ANDC DU/Biology Protocols/DNA Spooling
Isolation of Genomic DNA from Plant Tissue (Cauliflower) by Spooling Method
Introduction to DNA
Deoxyribonucleic Acid (DNA) is a genetic material which contains all the information or genetic instructions required for metabolism, reproduction and hereditary characters of an organism. DNA is often compared to a set of blueprints or a recipe, since it contains the instructions needed to construct other components of cells, such as proteins and RNA molecules. The DNA segments that carry this genetic information are called genes, but other DNA sequences have structural purposes, or are involved in regulating the use of this genetic information.
Chemically, DNA consists of two long polymers of simple units called nucleotides, with backbones made of sugars and phosphate groups joined by ester bonds. These two strands run in opposite directions to each other and are therefore anti-parallel. Attached to each sugar is one of four types of molecules called bases. It is the sequence of these four bases along the backbone that encodes information. This information is read using the genetic code, which specifies the sequence of the amino acids within proteins. The code is read by copying stretches of DNA into the related nucleic acid RNA, in a process called transcription.

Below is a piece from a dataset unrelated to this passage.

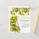 Um fundo cor-de-laranja-água. Decorados com limões de cor aquosa e uma escada. Personalize e adicione um nome e detalhes da parte. 1 folha = 1 convite impresso de borda a borda.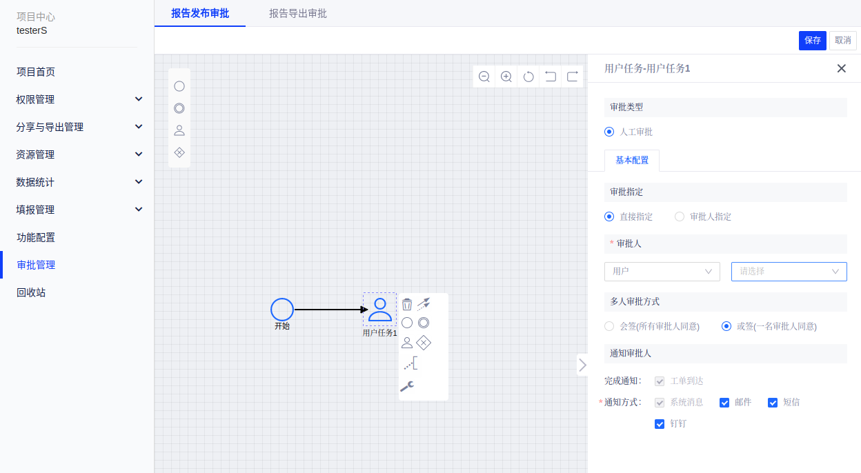 (1)在项目中心-审批管理,管理员先创建报告导出审批流程。

Within cells, DNA is organized into structures called chromosomes. These chromosomes are duplicated before cells divide, in a process called DNA replication. Eukaryotic organisms (animals, plants, and fungi) store their double-stranded DNA inside the cell nucleus, in mitochondria or chloroplasts. The DNA in the nucleus is linear, whereas the DNA in mitochondria and chloroplasts is circular. In prokaryotes (bacteria and archaea), however, DNA is found in the cell's cytoplasm and is called nucleoid. It is circular and is relatively free of associated protein, but the DNA in the nucleus of eukaryotes is associated with basic proteins, called histones. These compact structures guide the interactions between DNA and other proteins, helping control which parts of the DNA are transcribed.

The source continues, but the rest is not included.